In 2024, India exported $434.4 billion worldwide, with the main destinations being the United States (18.3%), the European Union (17.8%), and the United Arab Emirates (8.5%). Valued at $4.84 billion, exports to Russian Federation accounted for 1.1%.
On the other hand, India’s import data from Russia painted a different picture. In 2024, India imported $656.8 billion from the world, the top sources being China (18.5%), the Russian Federation (10.2%), and the UAE (8.5%).
The trade surplus in 2025 between Russia and India in Russia's favour stood at a mammoth $60 billion. This is in contrast to China, where Russia’s trade surplus with China stands at a much lower $12 billion. Most of India’s burgeoning deficit is explained by increased oil imports from Russia. India's Russian oil imports have surged dramatically since 2021, transforming the bilateral energy relationship. Before Russia invaded Ukraine in February 2022, India purchased minimal Russian crude, accounting for less than 2% of its oil imports. However, steep Western discounts on Russian oil prompted a strategic shift. By 2023, Russia had become India's largest oil supplier, with imports exceeding 1.6 million barrels per day—nearly 40% of India's total crude purchases.
But that is now going to change. With steep US sanctions and the threat of a worsening trade relationship with Western European nations, India cut its oil imports from Russia by 38% in value terms and 31% in volume terms in October 2025, compared with last year. And all this means the value of trade that India and Russia are aiming for is likely to fall dramatically in the coming years unless India, like its Chinese counterparts, has something tangible to offer, such as tradable manufacturing goods.

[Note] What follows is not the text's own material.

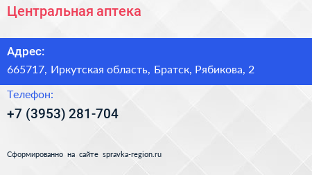 Центральная аптека по адресу 665717, Иркутская область, Братск, Рябикова, 2 в дальнейшем Организация, размещена в следующих категориях:
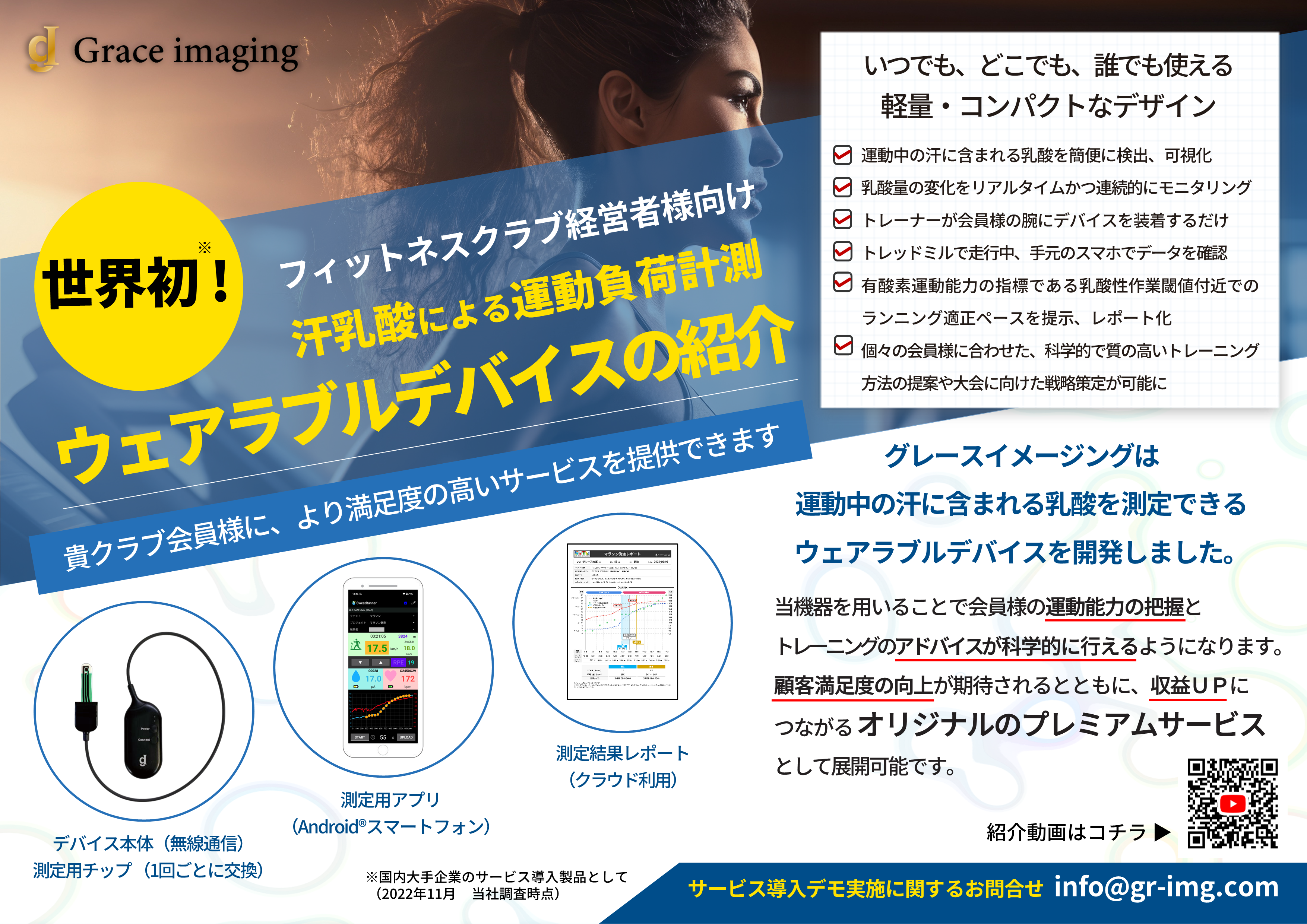株式会社グレースイメージング(以下、当社)は、これまでの活動で汗乳酸測定デバイス(汗乳酸センサ)を、各種スポーツにおける「疲労」を可視化するツールとして開発してきました。様々な大学、研究機関、企業への導入を進めており、2022年度よりミズノスポーツサービス株式会社様のランナー向けサービス事業に対し汗乳酸センサを提供しています(https://prtimes.jp/main/html/rd/p/000000006.000054709.html)。

Comparing the trade figures between Russia and China looks more organic and likely to be sustained. Russia-China trade, far larger in scale, stood at $106.5 billion in the first half of 2025, with Russian exports (mainly oil, gas, and minerals) at $59.3 billion and Chinese exports (machinery, electronics, and dual-use goods) at $47.2 billion. China accounts for about 30-48% of Russia's total trade, making it Moscow's top partner, though early 2025 saw declines due to falling hydrocarbon prices and specific category slumps. Payments occur mostly in national currencies, reflecting de-dollarisation efforts.
In 2024, China exported $3,576.5 billion worldwide, the main destinations being the US (14.7%), the EU (14.4%), and Hong Kong (8.1%). Valued at $115.28 billion, exports to the Russian Federation accounted for 3.2%. Imports from the Russian Federation account for 5.0% of China’s total imports. In 2024, China imported $2585.1 billion from the world, the top sources being the EU (10.4%), Other Asia, (8.4%), and Republic of Korea (7.0%).
Economically, India can sustain its trade momentum with Russia by establishing itself as an equal trade partner, much like China has done. India has a comparative advantage in services. Over the last five years, the surplus from the services sector trade has outweighed India’s merchandise trade deficit. The median age of the Indian population is 28 years, compared to the Russian median age of 41 years. There is an urgent need for skilled Indian labour across the medical, paramedical, engineering, and IT sectors. The other areas are India’s low-cost space research programs and tourism. Although the government has launched the Production Linked Incentive scheme to boost manufacturing competitiveness through policy, there is still a need to create a single-window clearance system, reduce domestic taxes such as coal cess, and lower water and electricity bills for domestic exporters.